There seems to be a contest between Athenian shop-owners – who can display the most objects in their shop front? Window to window, products are piled perilously high and wide; filling the glass and the eyes of passers-by with an overwhelming variety of wares. It is the real-life equivalent of an online shop’s “View All” button; a visual fishing trip through retail aquariums; brimming with bits and bobs, all shining and packed together like sardines. It is not quite chaos, but it’s close to the edge. A nudge away from collapsing.

The city itself is the same. Wave atop wave of people and vehicles; recycling themselves and reappearing in a convulsive cacophony of discordant stimuli. Athens is constantly spilling onto itself – not quite in chaos, but close to the edge.
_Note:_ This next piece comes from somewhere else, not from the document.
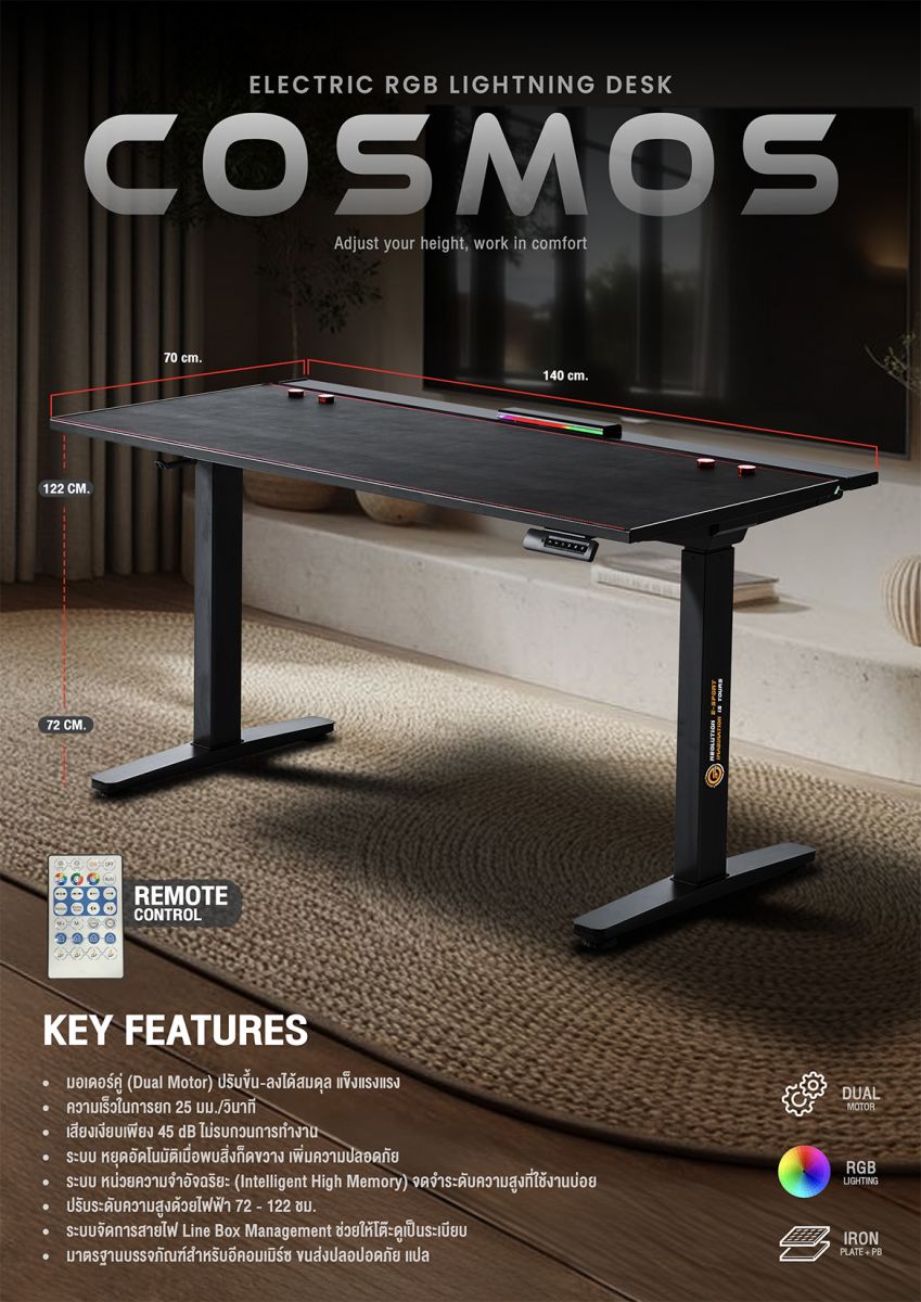Neolution E-Sport Cosmos โต๊ะเกมมิ่งระบบปรับระดับไฟฟ้ามอเตอร์คู่ (Dual Motor) ที่ออกแบบมาเพื่อความสมดุลและความแข็งแรงสูงสุด ปรับระดับความสูงได้ลื่นไหลและเงียบสนิท พร้อมระบบไฟ RGB อัจฉริยะที่สามารถวิ่งตามจังหวะเพลง ช่วยสร้างบรรยากาศการเล่นเกมให้เหนือชั้นกว่าที่เคย
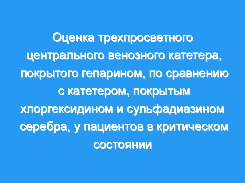 Сравнить частоту колонизации катетера и связанных с катетером инфекций кровотока между катетерами, покрытыми гепарином, и катетерами, покрытыми синергической комбинацией хлоргексидина и сульфадиазина серебра. Дизайн: Рандомизированное контролируемое клиническое исследование.

It is held intact by the same tension that would threaten to pull it apart. A finely balanced agitation creating a social gravity that, for now, is enough to keep things in their place. But it feels just a nudge away from collapsing.

Nowhere is this energy more present than in the spacious Omonoia Square, smack in the centre of Athens. It pulsates erratically like a defective heart, fed by numerous veiny roads and emptied via two arterial streets. The diversity of the people is startling: the homeless and the well-heeled; brown-skinned immigrants – both recent refugees and long-standing residents; native Greeks – weathered and energetic; the old, the young, the desperate, the care-free. Colonies of pigeons nod in bemused agreement, as if to say, “Life is easier than you lot are making it look”. They strut across the concrete between polished and worn shoes; and cling, over-head, to cables that vibrate in time with the whine of endless scooters and the deep hum of packed buses.

A few lengthy strides south of Omonoia, the buildings rise up hastily, closeting narrow streets in which North African men trade in shops and makeshift markets. At a certain junction, the action collects into an estuary of activity. Cars and three wheeled vans slow – although only slightly – to edge past tables of bananas, oranges and pomegranates that impede their way. And perhaps also to avoid the potential for wrath from the policemen who gaze across the scene with hands on hips and furrowed brows. Further on, past heavily graffitied walls and unofficial-looking parking lots, the men trolleying boxes of produce begin to disappear. Suddenly, the sky rises back into view, exorcising the shadows but neutering the compellingly fraught atmosphere that those shadows embraced.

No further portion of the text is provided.